It has been firmly established that joint representation of codefendants is not per se violative of the Sixth Amendment. United States v. Youpee, 419 F. 2d 1340, 1345-1346 (9th Cir. 1969); Watkins v. Wilson, 408 F.2d 351, 352 (9th Cir. 1969); Curry v. Burke, 404 F.2d 65, 67 (7th Cir. 1968); Glavin v. United States, 396 F.2d 725, 727 (9th Cir.), cert. denied, 393 U.S. 926, 89 S.Ct. 258, 21 L.Ed.2d 262 (1968). Expressed another way, no reversible error is committed by the district court in assigning a single attorney to represent two or more codefendants in a pending criminal action, absent evidence of an actual conflict of interest or evidence pointing to a substantial possibility of a conflict of interest between the codefendants. Fryar v. United States, 404 F.2d 1071, 1073 (10th Cir. 1968), cert. denied, 395 U.S. 964, 89 S.Ct. 2109, 2110, 23 L.Ed.2d 751 (1969); Harris v. Stephens, 361 F.2d 888, 894 (8th Cir. 1966), cert. denied, 386 U.S. 964, 87 S.Ct. 1040, 18 L.Ed.2d 113 (1967); United States v. Dardi, 330 F.2d 316, 335 (2d Cir.), cert. denied, 379 U.S. 845, 85 S.Ct. 50, 13 L.Ed.2d 50 (1964); United States v. Bentvena, 319 F.2d 916, 937 (2d Cir.), cert. denied, Ormento v. United States, Di Pietro v. United States, Fernandez v. United States, Panico v. United States, Galante v. United States, Loicano v. United States, Mancino v. United States, Sciremammano v. United States, Mirra v. United States, 375 U.S. 940, 84 S.Ct. 345, 346, 353, 354, 355, 360, 11 L.Ed.2d 271, 272 (1963).

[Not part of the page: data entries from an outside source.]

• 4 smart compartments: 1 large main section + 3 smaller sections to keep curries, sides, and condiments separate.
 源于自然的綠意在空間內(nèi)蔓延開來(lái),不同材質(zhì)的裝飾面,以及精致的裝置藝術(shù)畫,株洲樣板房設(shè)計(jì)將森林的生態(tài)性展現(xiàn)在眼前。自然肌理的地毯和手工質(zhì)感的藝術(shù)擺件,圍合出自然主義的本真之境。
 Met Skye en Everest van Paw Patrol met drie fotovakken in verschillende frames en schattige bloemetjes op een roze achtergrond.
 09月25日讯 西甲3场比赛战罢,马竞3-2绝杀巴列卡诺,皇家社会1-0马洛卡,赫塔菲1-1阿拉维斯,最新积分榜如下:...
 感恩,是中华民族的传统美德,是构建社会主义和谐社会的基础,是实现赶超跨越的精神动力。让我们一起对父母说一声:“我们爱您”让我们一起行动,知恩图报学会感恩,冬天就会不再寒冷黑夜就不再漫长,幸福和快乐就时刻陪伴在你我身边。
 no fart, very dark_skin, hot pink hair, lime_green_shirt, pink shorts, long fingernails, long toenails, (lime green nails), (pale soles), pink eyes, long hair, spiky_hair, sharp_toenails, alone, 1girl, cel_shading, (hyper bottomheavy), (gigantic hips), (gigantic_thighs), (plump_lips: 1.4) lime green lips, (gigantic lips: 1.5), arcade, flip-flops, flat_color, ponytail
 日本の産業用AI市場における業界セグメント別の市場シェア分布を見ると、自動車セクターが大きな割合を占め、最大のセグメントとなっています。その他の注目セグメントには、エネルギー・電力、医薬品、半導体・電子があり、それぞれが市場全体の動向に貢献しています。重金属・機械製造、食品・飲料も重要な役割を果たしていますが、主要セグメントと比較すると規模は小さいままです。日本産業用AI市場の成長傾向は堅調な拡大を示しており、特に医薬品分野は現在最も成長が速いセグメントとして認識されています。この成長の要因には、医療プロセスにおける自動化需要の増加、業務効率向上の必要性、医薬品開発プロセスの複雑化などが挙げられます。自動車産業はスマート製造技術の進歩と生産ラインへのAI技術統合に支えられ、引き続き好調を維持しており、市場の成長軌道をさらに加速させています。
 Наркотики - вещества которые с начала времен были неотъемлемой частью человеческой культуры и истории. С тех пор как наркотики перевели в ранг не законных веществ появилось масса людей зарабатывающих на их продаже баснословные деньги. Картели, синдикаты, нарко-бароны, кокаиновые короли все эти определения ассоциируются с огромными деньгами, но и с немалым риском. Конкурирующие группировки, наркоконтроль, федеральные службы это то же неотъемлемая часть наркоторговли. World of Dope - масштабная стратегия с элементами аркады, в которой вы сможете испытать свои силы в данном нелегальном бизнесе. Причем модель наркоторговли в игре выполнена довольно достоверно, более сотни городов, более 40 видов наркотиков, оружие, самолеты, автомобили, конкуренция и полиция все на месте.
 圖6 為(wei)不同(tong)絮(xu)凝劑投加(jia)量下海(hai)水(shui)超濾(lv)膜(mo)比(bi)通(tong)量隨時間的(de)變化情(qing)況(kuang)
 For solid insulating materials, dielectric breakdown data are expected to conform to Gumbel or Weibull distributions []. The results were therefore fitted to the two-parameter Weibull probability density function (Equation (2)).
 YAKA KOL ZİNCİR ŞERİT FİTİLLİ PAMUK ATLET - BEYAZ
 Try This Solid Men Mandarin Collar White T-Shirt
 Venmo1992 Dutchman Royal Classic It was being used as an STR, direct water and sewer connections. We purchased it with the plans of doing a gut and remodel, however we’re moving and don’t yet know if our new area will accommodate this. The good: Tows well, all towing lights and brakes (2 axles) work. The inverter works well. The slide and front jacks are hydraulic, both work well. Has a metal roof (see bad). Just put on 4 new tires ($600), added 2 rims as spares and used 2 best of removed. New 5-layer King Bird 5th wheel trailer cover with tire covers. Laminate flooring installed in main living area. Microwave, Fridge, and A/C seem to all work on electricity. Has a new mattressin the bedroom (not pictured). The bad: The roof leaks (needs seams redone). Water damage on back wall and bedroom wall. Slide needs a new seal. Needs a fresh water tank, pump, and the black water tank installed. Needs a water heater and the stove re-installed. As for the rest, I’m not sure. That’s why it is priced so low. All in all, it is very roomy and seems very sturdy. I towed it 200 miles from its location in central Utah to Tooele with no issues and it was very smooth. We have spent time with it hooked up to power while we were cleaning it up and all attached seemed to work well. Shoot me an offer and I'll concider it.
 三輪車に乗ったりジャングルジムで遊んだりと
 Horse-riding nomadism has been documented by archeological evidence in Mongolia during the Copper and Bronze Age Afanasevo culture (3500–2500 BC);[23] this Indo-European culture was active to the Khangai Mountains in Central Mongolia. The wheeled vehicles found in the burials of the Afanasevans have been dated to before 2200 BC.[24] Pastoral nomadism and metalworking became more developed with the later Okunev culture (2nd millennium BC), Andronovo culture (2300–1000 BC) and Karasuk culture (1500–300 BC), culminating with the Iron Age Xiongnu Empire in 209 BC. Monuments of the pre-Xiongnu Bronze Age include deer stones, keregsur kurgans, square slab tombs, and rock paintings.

Where courts have found such evidence on the appellate record, they have not hesitated to direct a reversal for new trial. White v. United States, 396 F.2d 822 (5th Cir. 1968); United States v. Gougis, 374 F.2d 758 (7th Cir. 1967); Sawyer v. Brough, 358 F.2d 70 (4th Cir. 1966). See Morgan v. United States, 396 F.2d 110 (2d Cir. 1968).
As shown above, there is nothing pointing to an actual or a substantial possibility of a conflict of interest between appellant and his codefendant, Brinkley. We need go no further. A reversal here would be tantamount to a holding that joint representation is illegal per se, a result not mandated by the Sixth Amendment, Glasser, or its progeny.
Appellant's contention that the district court should have held an evidentiary hearing on his post-trial motion is utterly lacking in substance.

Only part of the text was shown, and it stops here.